Unlike other jurisdictions in Canada that offer some combination of public and private health care, like Quebec and New Brunswick, Alberta’s system will allow doctors to bill the public plan and decide whether to charge patients privately out-of-pocket or through insurance.

Historically, this kind of dual practice has been avoided to reduce the risks of double-billing, extra billing through additional patient fees and payment for preferential access.

Andrew Longhurst, the report’s co-author and a senior researcher at the CCPA, says it will have the result of creating Canada’s first private health-care insurance market for medically necessary physician and hospital services already covered under the Canada Health Act.

He says it will likely encourage private insurers to build out their offerings to cover medically necessary procedures like surgeries and diagnostic imaging for the first time in Canada.

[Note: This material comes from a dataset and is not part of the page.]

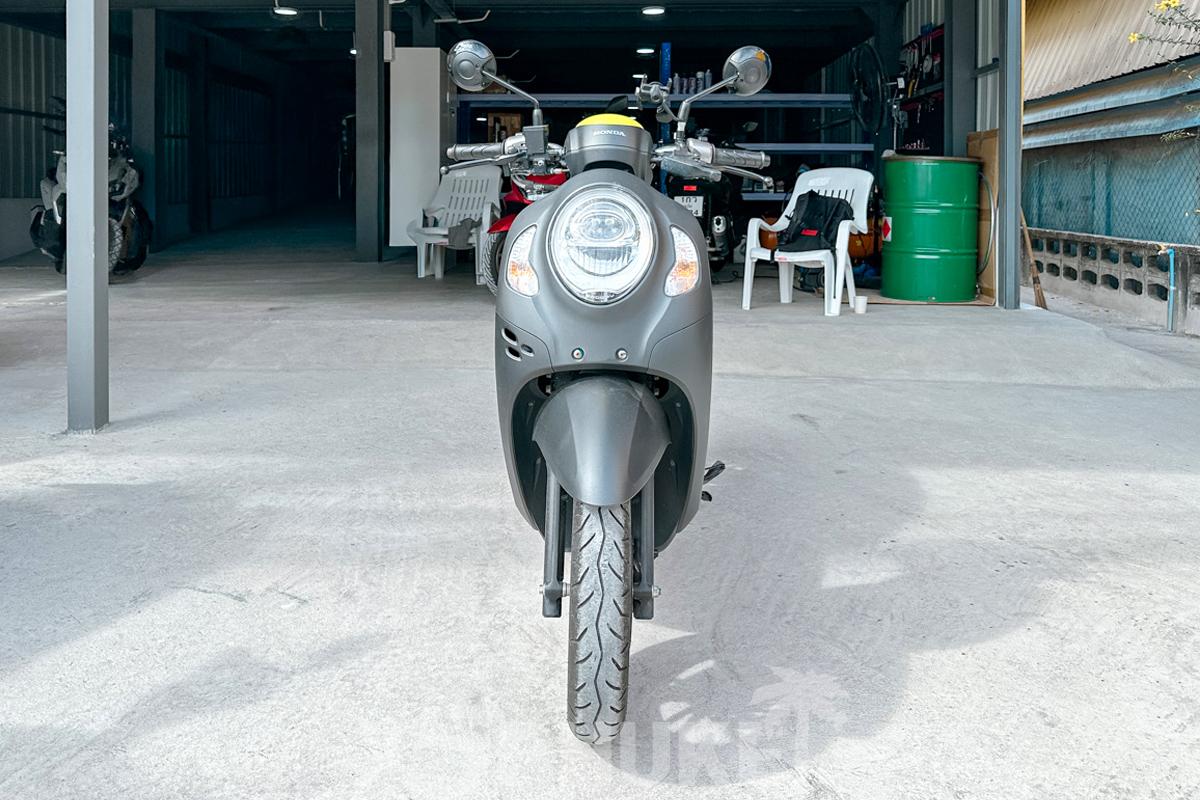 Scoopy 110cc оборудован автоматической трансмиссией CVT V-Matic, удобной телескопической вилкой спереди и моноамортизатором сзади, а также безопасной тормозной системой с передним диском и задним барабаном. Компактные 12-дюймовые бескамерные шины и лёгкая масса около 95–100 кг делают его манёвренным в плотном городском трафике и удобным для парковки. Удобная низкая посадка (746 мм) и вместительное подседельное пространство (15–17 л) позволят легко перевозить небольшие сумки и личные вещи.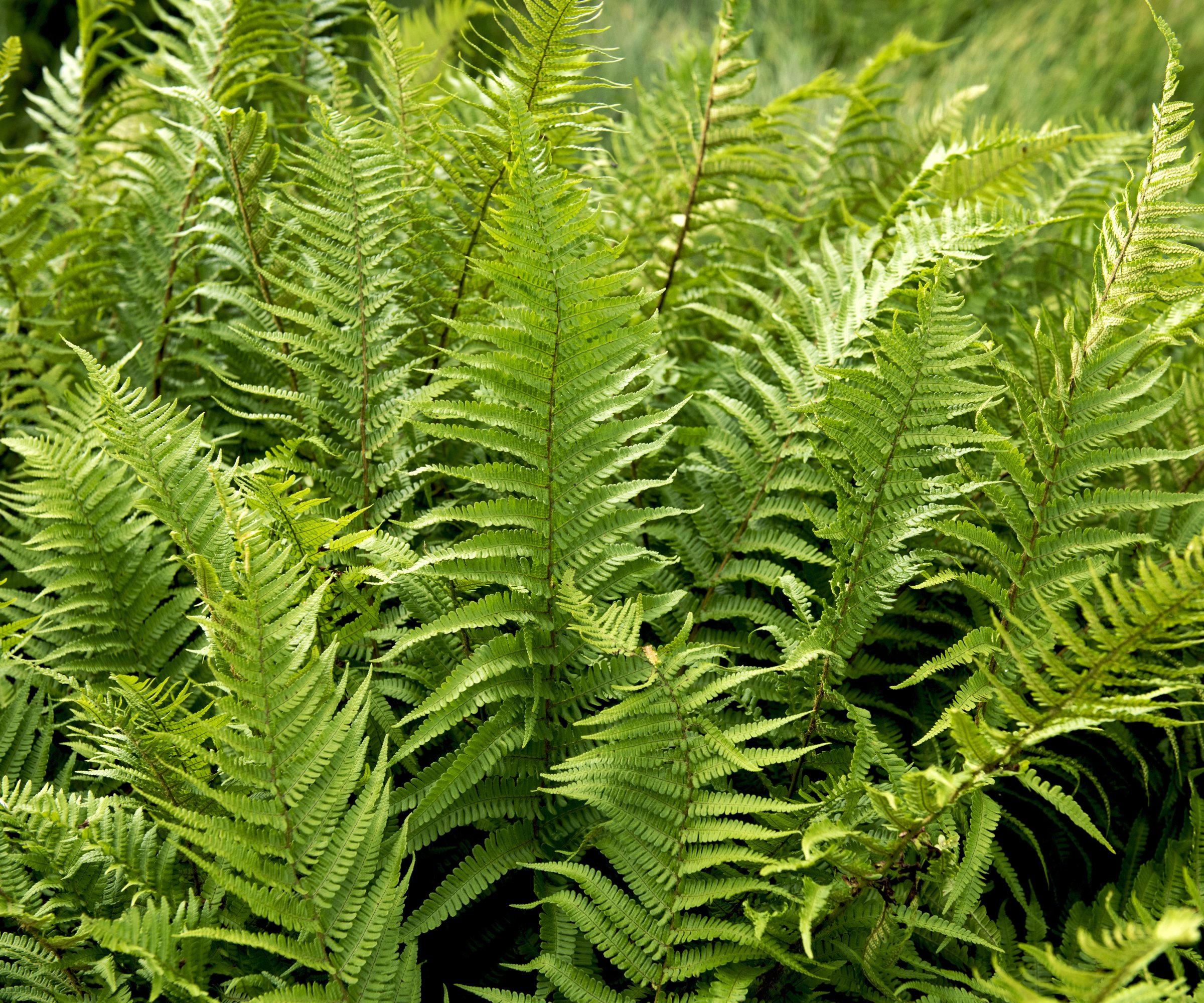 La mayoría de los helechos prosperan en la sombra, y muchas especies son autóctonas de América del Norte. Algunos ejemplos son el helecho culantrillo, el helecho hembra, el helecho canela y el helecho avestruz. Se pueden encontrar helechos autóctonos de varios tamaños, desde 25 cm de altura hasta 1,2 m. Estas son algunas de las plantas autóctonas de sombra mejor adaptadas. Las zonas más sombreadas del jardín, donde poco más crece, son perfectas para los helechos. Muchos helechos prefieren suelos húmedos, por lo que no se deben cultivar en zonas secas.

Alberta also happens to share a border with the largest for-profit health-care insurance market in the world. In the context of heightened U.S. expansionism, Longhurst says inviting investment from U.S. providers is a risky move.

“This is not speculative. In a 2023 Canadian Centre for Policy Alternatives report, I documented U.S. investor interest,” he said. “Once they become entrenched within the Canadian context, it will become virtually impossible to get them out.”

Longhurst and Graff-McRae also believe the legislation violates the Canada Health Act’s criteria of universality and accessibility.

Under the Act, a province’s health-care insurance plan must provide health services “on uniform terms” and on a basis that “does not impede or preclude, either directly or indirectly whether by charges made to insured persons or otherwise, reasonable access to those services by insured persons.”

Both Smith and Alberta’s health ministers have maintained the bill does not violate the Act.

“It’s quite clear that providing preferential access in a two-tier system where you have private payment to be able to have care provided more quickly … is at odds with that criteria,” said Longhurst.

Alberta receives $6.6 billion – approximately 28 per cent of the total provincial health-care budget – in federal health transfers through the Canada Health Transfer. In the event the federal government were to rule that the bill does violate the Act, Alberta could be risking nearly a third of its health-care budget.

So far, the federal government has offered no judgement on Alberta’s Bill 11.